Café Oasis

Initially, several coffee shops and restaurants operated in Sosúa: Café Stockmann  and the Bakery of Franz Heiss were among the most popular. It was in one of these locations – also the site of Sosúa’s only European bakery – that the future Café Oasis was established. This large house was centrally located on Sosúa’s main street and had an ample backyard where settlers could sit in the shade and relax. Originally, Café Oasis and  the Hotel Garden City – the only hotel in Sosúa and its surroundings – were under the same administration.

During its early years it was managed by the DORSA, but as time passed it was converted into a cooperative. The menu offered a variety of dishes, some similar to most dishes offered in Dominican restaurants of the time, some more in the European tradition, such as Dobosh torte, Wiener schnitzel, and goulash soup. In the early years the Café Oasis was the place where most of the settlers gathered daily for an afternoon cup of coffee or tea and dessert.
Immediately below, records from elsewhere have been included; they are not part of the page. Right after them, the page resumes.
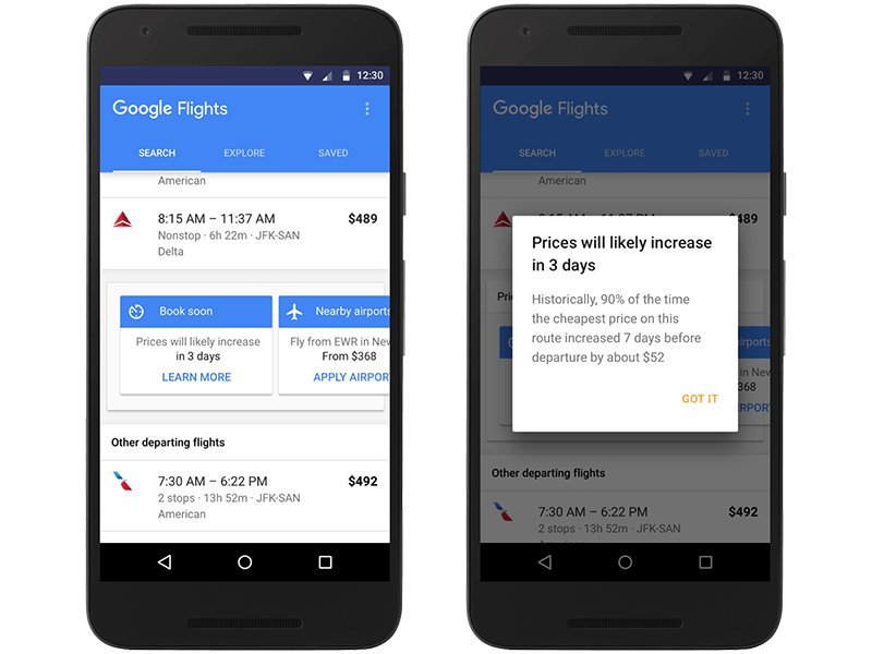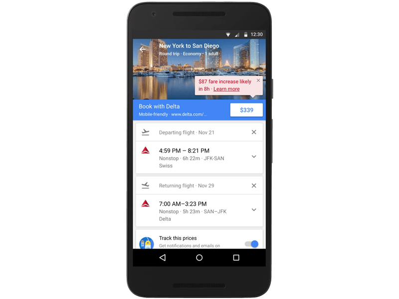 ล่าสุด Google Flights บริการหาตั๋วเครื่องบินจาก Google ได้เพิ่มฟีเจอร์ขึ้นใหม่ขึ้นมา คือฟีเจอร์การคาดเดาราคาล่วงหน้าว่า ราคาจะเพิ่มขึ้นหรือลดลงในเมื่อไร แล้วเวลาไหนจะเป็นเวลาที่ดีที่สุดในการจองถึงจะได้ราคาดีที่สุด
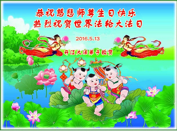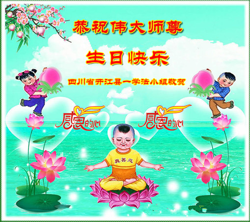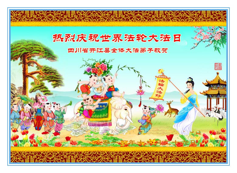 四川省开江县全体大法弟子热烈庆祝世界法轮大法日! 开江大法弟子恭祝慈悲师尊生日快乐!
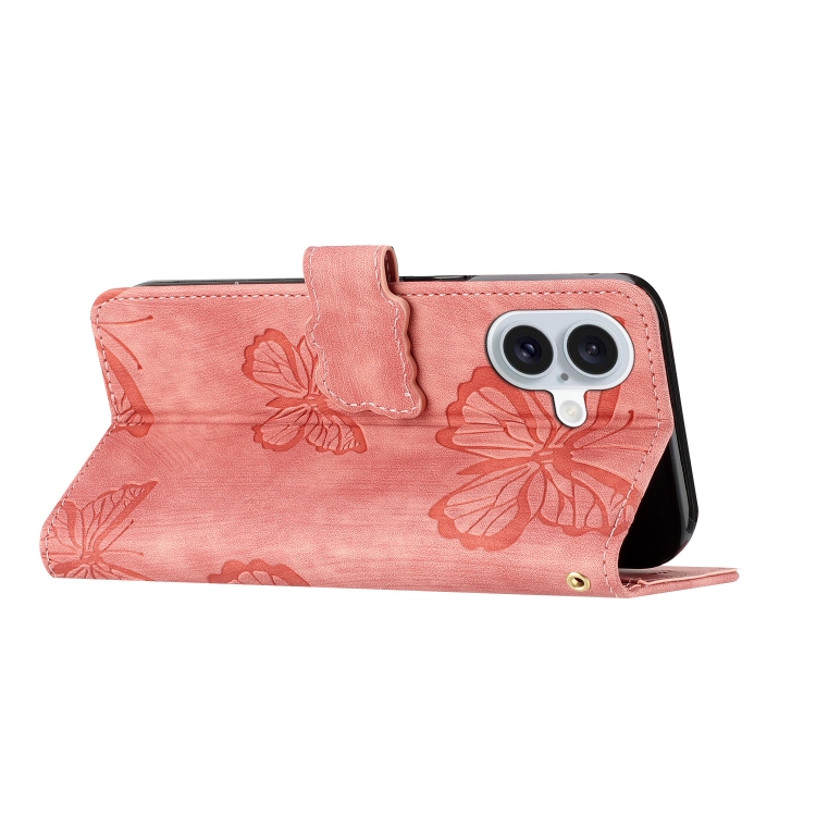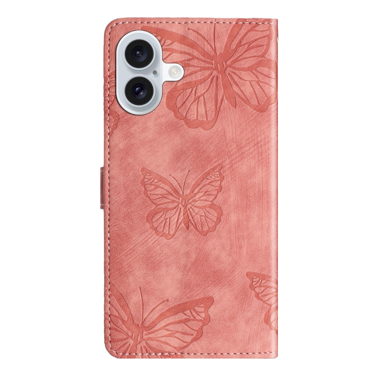 Funda de Piel con Relieve de Mariposa para iPhone 16 (Rosa)
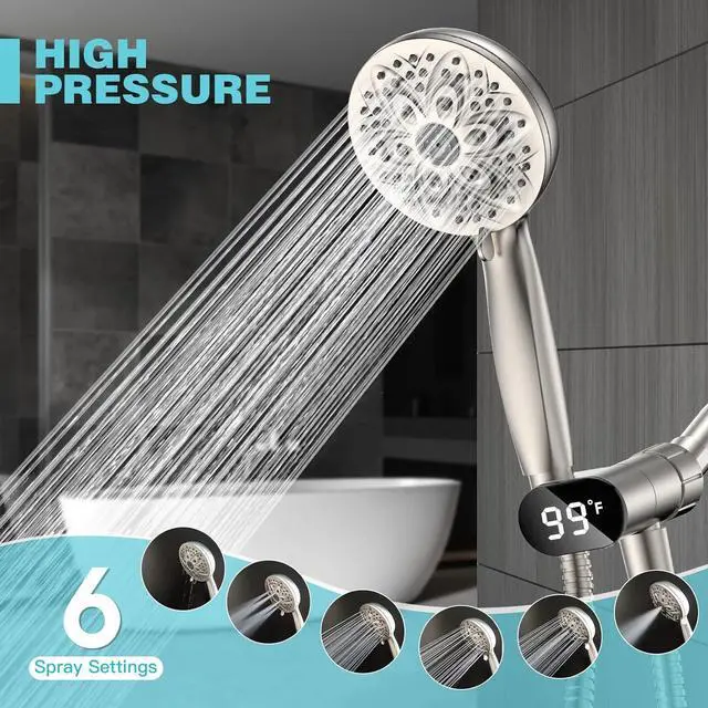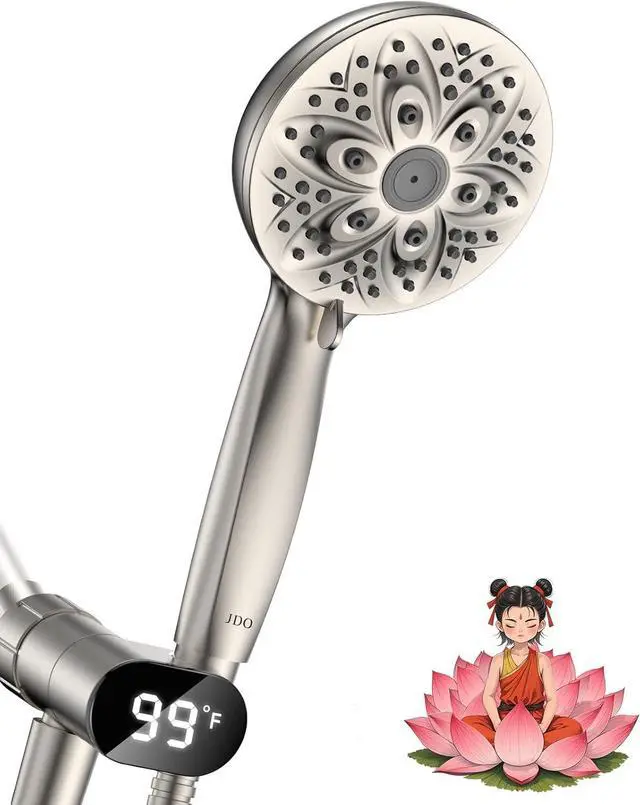 LED Display Temperature You're still relying on the feel of your hand to determine the water temperature, which can take some time to get used to and adjust the water temperature, and we're 2024 introducing our newest shower head with a temperature display. The numbers on the display give you an idea of the water temperature, which allows you to adjust the water temperature more quickly and accurately, improving ease of use and comfort. Ideal for bathing babies and pets. 6 Different Shower Modes The Lotus Design Inspired by Nezhas Rebirth newest handheld shower head with hose has six modes that can be switched at will, such as massage, rain, spray, and water-saving modes, each of which has a different water flow pattern and intensity.

They played cards, chess, and other games while they gossiped about what was happening in the world. Eventually, a bowling alley was also installed at the side of the building; the kegels (pins) and balls were manufactured by a settler. Importantly, the Café Oasis had a large enclosed dining space and was therefore used for many big town gatherings, such as Passover dinner, Sosúa reunions, and parties on New Year’s Eve.
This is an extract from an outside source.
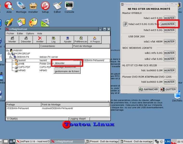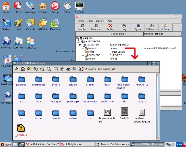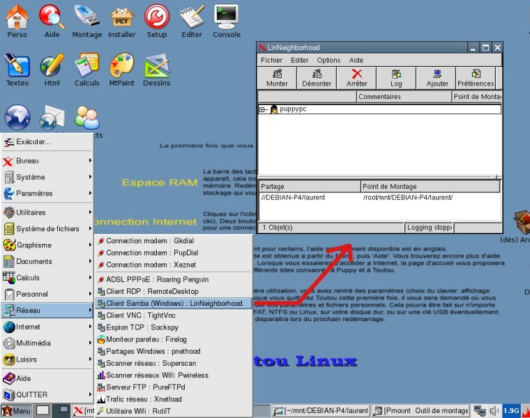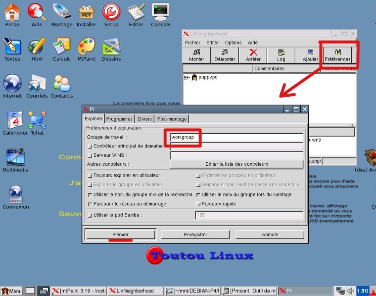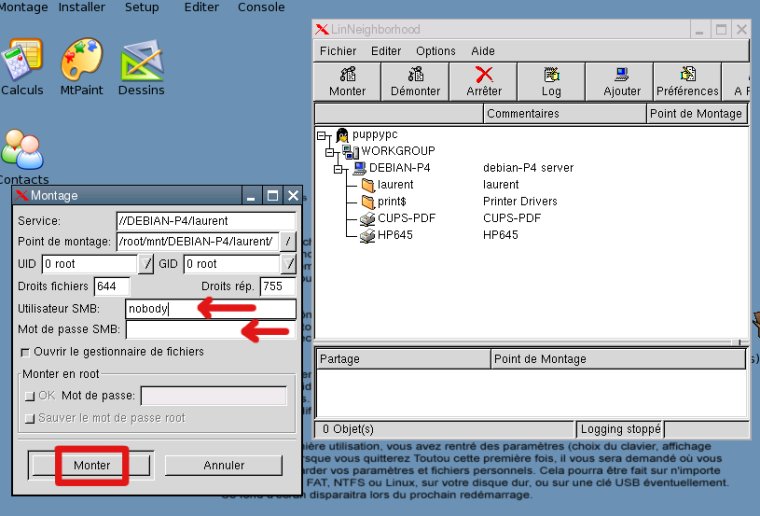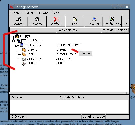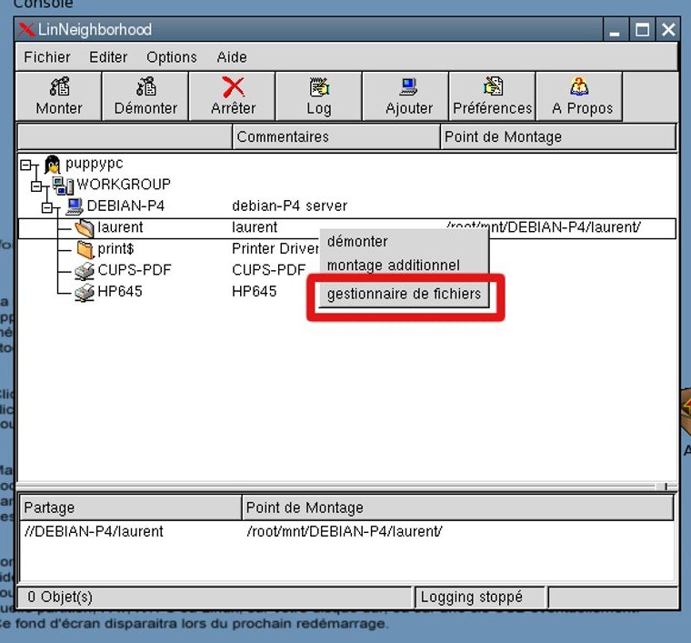Entrez le groupe de travail. Comme nous sommes restés classique, nous avons mis « workgroup » pour notre réseau. S’il en est de même pour vous, renseignez la zone et cliquez sur « enregistrer » puis « fermer ». En cliquant sur le [+] de la ligne puppypc nous déroulons notre réseau et les PC s’y trouvant. Sur l’exemple nous constatons un autre PC nommé « DEBIAN-P4 » avec des ressources partagées et notamment un espace nommé « laurent ». Comme pour les disques et autres périphériques, Linux a besoin de monter la ressource pour qu’elle soit accessible. Un clic droit sur la ligne, puis un clic gauche sur « MONTER » permet de faire cela.

In the 1960s the business was sold to a Dominican couple, Carmen and her husband Ernesto Matos. Carmen was the original chef at the Café Oasis, and had learned her European repertoire from some of the original female settlers. In the years that followed, Carmen and Ernesto removed the bowling alley to make room for additional seating. Popular Dominican performers such as Johnny Ventura, Wilfrido Vargas, and others played at Café Oasis with their bands and combos. During this period Café Oasis attracted a much wider audience, bringing native Dominicans from Puerto Plata and even Santiago. The Sosúa settlers stopped going to the Café Oasis for afternoon coffee and games; they continued to use the facility as a restaurant, for Passover seders, and for Sosúa anniversary reunions.